MCMC Methods

Metropolis Hastings and other MCMC algorithms are ideal for sampling from multi-dimensional distributions. It is, however, computationally intensive, an unfavourable aspect in addition to the trial and error required (for example, to find an optimal transition kernel). Furthermore, it is difficult to balance the Markov chains mixing and convergence to the posterior.

The MH algorithm produces a Markov chain. In order to determine if the algorithm has correctly inferred the posterior, we can inspect trace plots, and autocorrelation functions (ACF). The trace plot, or time series, shows the accepted sample values of the parameter over time (over all iterations). The autocorrelation function indicates how independent different samples from the posterior distribution are – lower autocorrelation indicating more independent results. High autocorrelation indicates that samples drawn don't accurately represent the posterior distribution, and consequently don't provide meaningful information for the solution to the problem. When inspecting the trace plots, three types of mixing behaviour can be observed: the chain can be well mixed, too hot, or too cold:

  • If the chain is too cold, the samples from the posterior are correlated, and therefore the overall shape of the posterior fails to be captured. The trace plot appears continuous, and the autocorrelation function does not fall to zero.
  • The Markov chain is described as too hot when the transition kernel is too large, causing bad proposals and a low acceptance rate. The trace plot shows that samples spend extended amounts of time in the same position – this is referred to as a “Manhattan skyline”.
  • The chain is well mixed when samples are independent and identically distributed when plotted on the posterior. The transition kernel is appropriate in this case, and the trace plot is described as a “fat, hairy caterpillar”.

Examples of the three types of mixing behaviour are shown in Figure 18.

Figure 18: Examples of different types of behaviour that Markov chains can exhibit. From left to right: trace plot and ACF for chains that are cold, hot, and well mixed.

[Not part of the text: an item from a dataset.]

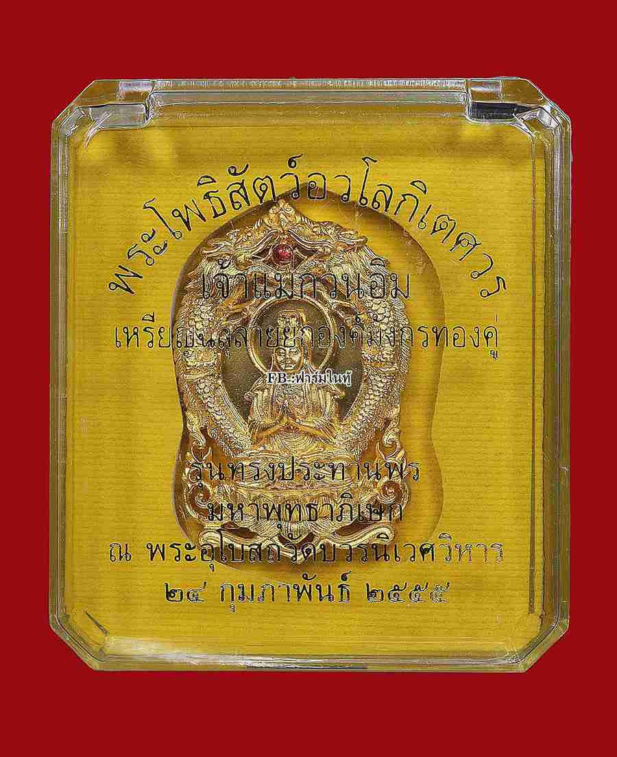 *ที่ฆ้อนมีอีกเยอะครับ เคาะเดียว* เหรียญฉลุลายยกองค์ พระโพธิสัตว์อวโลกิเตศวร เจ้าแม่กวนอิม มังกรคู่ รุ่น "ทรงประทานพร" เนื้อบรอนซ์นอกชุบทอง จากวัดบวรนิเวศวิหาร ปี 2555 หมายเลข 228 พร้อมกล่องเดิม |

It is often the case that improvements to the posterior inferred can be obtained by increasing the execution time (or the number of iterations of the MCMC method performed). Extensive computational improvements were made to algorithms throughout this project, including the use of tools such as Cython - a superset of the Python programming language, designed to give C-like performance with code that is written mostly in Python. Despite this, running times throughout the course of this project were exceptionally long. More time is required to experiment with the number of iterations performed and total execution time, in order to establish if this significantly improves results.

Future Work and Outlook

In addition to simply running the chains for longer amounts of time, there are other adjustments that can be made which may improve results. Another simple adaptation is to alter the priors. In the inference performed here we simply impose uniform priors upon each of the target parameters. It is possible to make these priors stricter, reducing the interval over which samples may be drawn. Alternatively, other varieties of prior can be considered. Jeffrey's prior is a suitable alternative for the parameters $r$ and $\sigma$. $p(r)=\text{Beta}(0.5,0.5)$ is a Jeffreys prior and is a common choice for a zero-knowledge prior for a probability. $p(\sigma) = 1/\sqrt{\sigma}$ is also a common Jeffreys prior choice for a zero-knowledge prior for noise. Alternatively, a useful future improvement would be incorporating experimental knowledge in new priors, and analysing their effect on inferred posterior distributions.

Figure 19: This picture is adapted from work by Dicu, 2017.

An additional further development would be to incorporate data from multiple wells measured in the single cell experiment. Each separate well would possess a different value for $X_0$, however we can adopt the assumption that $r$ and $\sigma$ are shared between the different wells within the same experiment. Using data from multiple fluorescence curves should theoretically result in more accurate inference of $r$ (and potentially $\sigma$).

The analysis and investigation carried out in this project has the potential for application to other forms of data, in particular ddPCR (droplet digital PCR). MCMC methods have been implemented on ddPCR data with promise (Wilson and Ellison, 2016), and further investigation of this has not yet been explored extensively. The research and analysis carried out in this project has provided in-depth conceptual understanding of Bayesian inference and MCMC methods, in particular the Metropolis Hastings algorithm. Performing this form of analysis is applicable to a wide range of different types of datasets. Programming frameworks such as PyMC3 and Stan provide tools to perform the types of analysis and inference discussed in this project, in addition to many other analysis methods.